Activity: Find the lines holding the string "with" in the data, then copy all of them.

Record set:
· · · ·

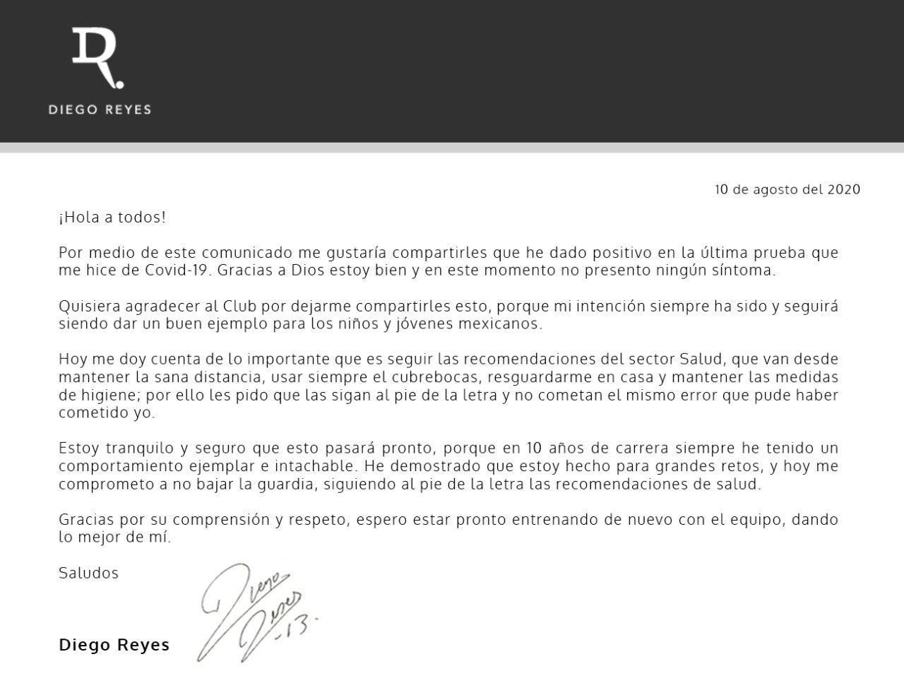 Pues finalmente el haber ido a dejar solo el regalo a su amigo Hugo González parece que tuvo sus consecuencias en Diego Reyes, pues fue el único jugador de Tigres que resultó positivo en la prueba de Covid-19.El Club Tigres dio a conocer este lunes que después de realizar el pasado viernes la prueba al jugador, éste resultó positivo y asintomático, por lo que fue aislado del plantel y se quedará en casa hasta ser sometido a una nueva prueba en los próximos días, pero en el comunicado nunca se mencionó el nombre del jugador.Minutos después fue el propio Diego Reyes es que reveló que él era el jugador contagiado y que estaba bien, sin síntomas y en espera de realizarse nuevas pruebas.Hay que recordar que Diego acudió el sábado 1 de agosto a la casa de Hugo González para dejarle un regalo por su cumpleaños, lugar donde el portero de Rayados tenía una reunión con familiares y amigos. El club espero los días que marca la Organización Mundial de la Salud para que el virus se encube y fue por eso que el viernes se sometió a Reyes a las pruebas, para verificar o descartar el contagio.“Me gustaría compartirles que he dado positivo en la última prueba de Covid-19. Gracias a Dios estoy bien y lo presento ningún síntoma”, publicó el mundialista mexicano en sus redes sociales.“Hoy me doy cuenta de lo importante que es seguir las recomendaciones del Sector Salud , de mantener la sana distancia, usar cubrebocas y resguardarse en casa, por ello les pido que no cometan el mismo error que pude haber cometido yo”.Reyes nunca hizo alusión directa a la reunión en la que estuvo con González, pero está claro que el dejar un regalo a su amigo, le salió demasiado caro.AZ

· · · ·

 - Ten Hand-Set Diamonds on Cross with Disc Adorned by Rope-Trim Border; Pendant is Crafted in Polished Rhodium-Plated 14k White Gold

· · · ·

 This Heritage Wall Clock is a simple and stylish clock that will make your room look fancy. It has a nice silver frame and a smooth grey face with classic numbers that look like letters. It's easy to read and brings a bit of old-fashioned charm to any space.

· · · ·

Exercise answer:
 - Ten Hand-Set Diamonds on Cross with Disc Adorned by Rope-Trim Border; Pendant is Crafted in Polished Rhodium-Plated 14k White Gold
 This Heritage Wall Clock is a simple and stylish clock that will make your room look fancy. It has a nice silver frame and a smooth grey face with classic numbers that look like letters. It's easy to read and brings a bit of old-fashioned charm to any space.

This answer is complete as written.